## Information shown

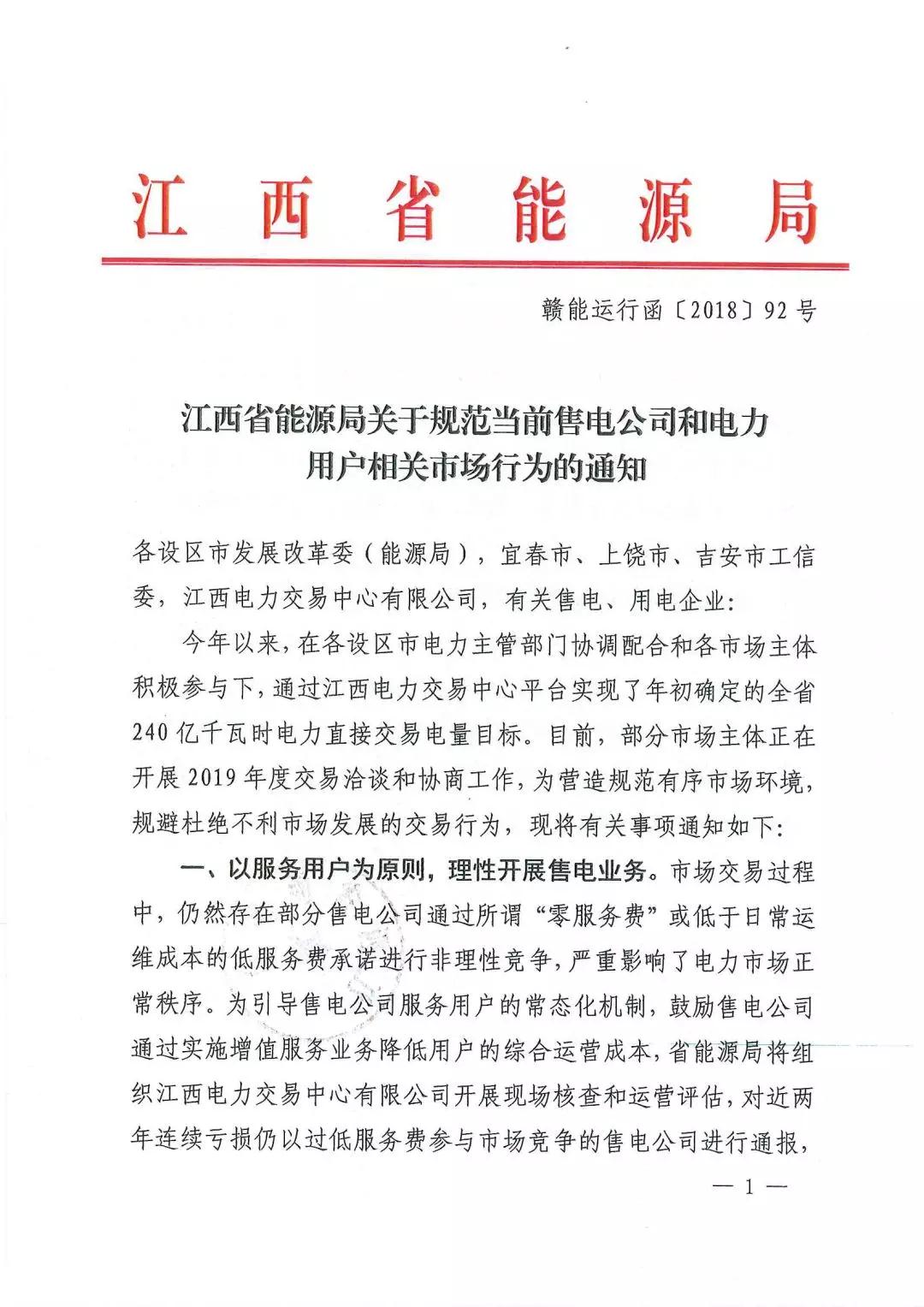 江西省能源局日前發(fā)布了《關(guān)于規(guī)范當(dāng)前售電公司和電力用戶相關(guān)市場行為的通知》,市場交易過程中,仍然存在部分售電公司通過所謂“零服務(wù)費(fèi)”或低于日常運(yùn)維成本的低服務(wù)費(fèi)承諾進(jìn)行非理性競爭,嚴(yán)重影響了電力市場正常秩序,為引導(dǎo)售電公司服務(wù)用戶的常態(tài)化機(jī)制,鼓勵售電公司通過實施增值服務(wù)業(yè)務(wù)降低用戶的綜合運(yùn)營成本,省能源局將組織江西電力交易中心有限公司開展現(xiàn)場核查和運(yùn)營評估,對近兩年連續(xù)虧損仍以過低服務(wù)費(fèi)參與市場競爭的售電公司進(jìn)行通報,情節(jié)嚴(yán)重的,暫停售電公司售電業(yè)務(wù)。
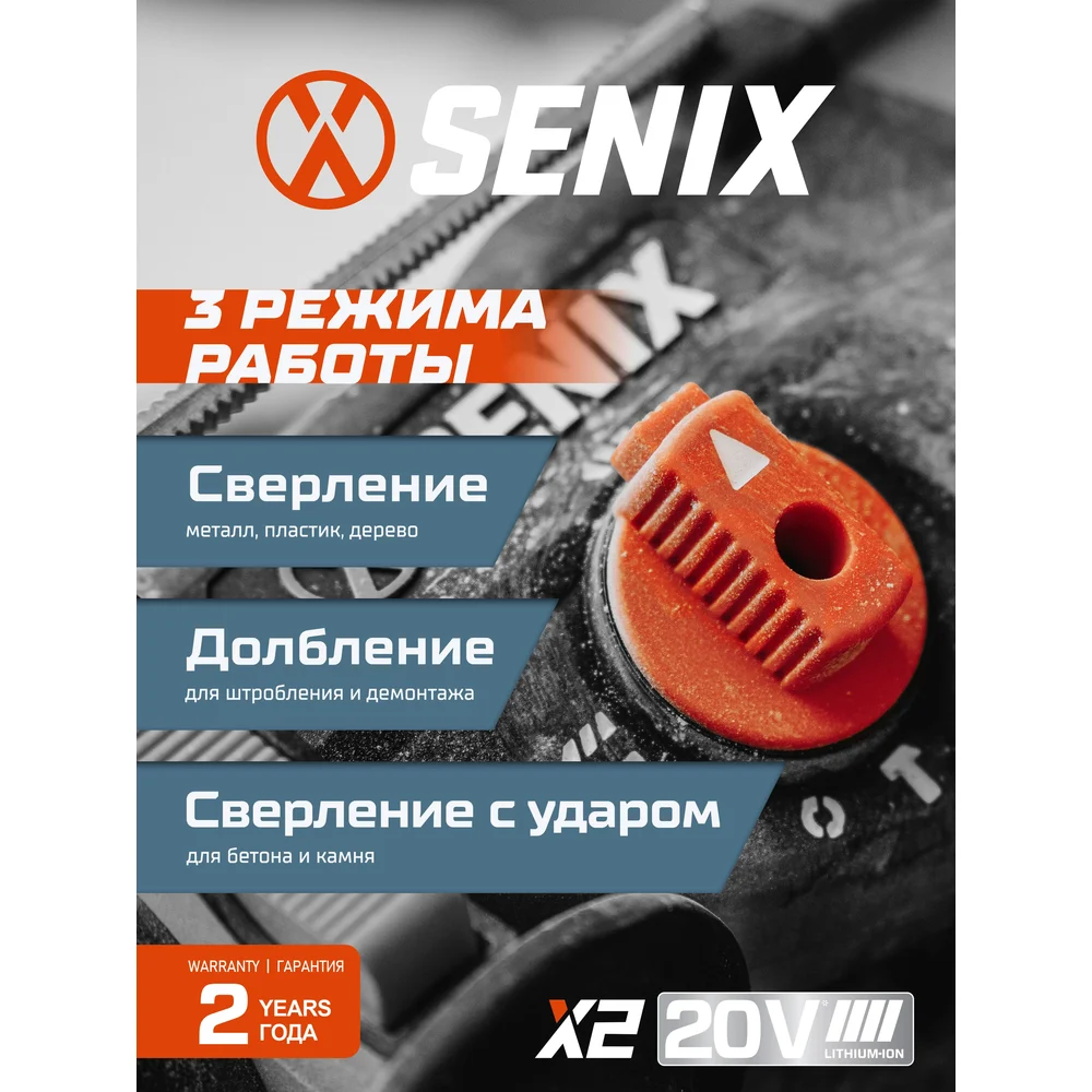 Купить Перфоратор SENIX SDS-plus , серии X2 20В 2.0Дж, 24 мм, 1х5Ач, ЗУ, кейс PDRX2-M4-EU по лучшей цене с доставкой - интернет магазин №1 в России
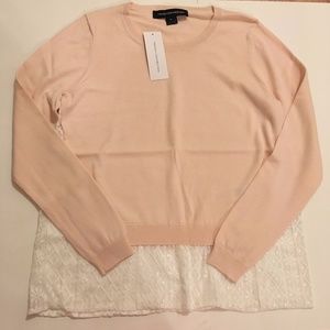 Cozy cotton sweater with pretty lace insert in a soft blush pink shade. Size medium. Brand new!
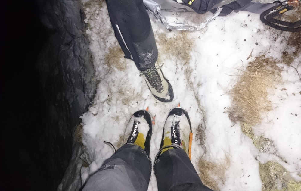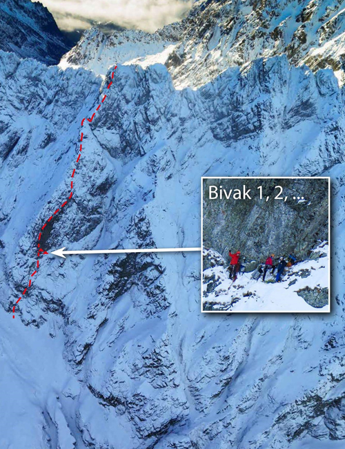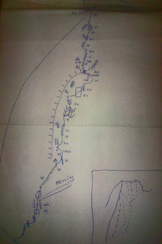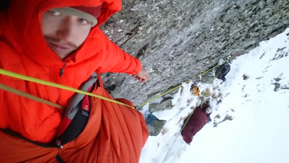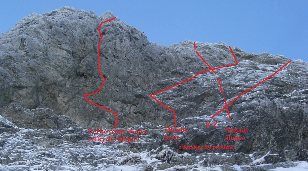 Co však přestávalo fugovat bylo schéma Dlouhého koutu. Začínali jsme tušit, že i přes Pawlovi poměrně detailní informace k cestě se spíš realizujeme v projektu, o kterém nám před časem vykládal Čumpelík a ke kterému nás narozdíl od Dlouhého koutu nabádal: Jestli někdo neumí volně vylézt Dlouhý kout? Však tam jsou asi jen dvě těžký místa navrchu. To je docela dobrý zimní lezení, rajbáky valíš v botách, tam si zalezeš. Ale žádná příhoda s Mauglím tam nebyla, to je prostě pohodové lezení. Jediná věc co nám nevyšla, tak jsme netrefili polici na druhý bivak, spali jsme na takový úzký potvoře. Zato vlevo je tam parádní směr, který by stálo za to vylézt!

## The task
Look above for the line with "Купить Перфоратор SENIX" and the line with "Cozy cotton sweater". Give again exactly those two lines and all lines between them, pictures excluded.

## Response
 Купить Перфоратор SENIX SDS-plus , серии X2 20В 2.0Дж, 24 мм, 1х5Ач, ЗУ, кейс PDRX2-M4-EU по лучшей цене с доставкой - интернет магазин №1 в России
 Cozy cotton sweater with pretty lace insert in a soft blush pink shade. Size medium. Brand new!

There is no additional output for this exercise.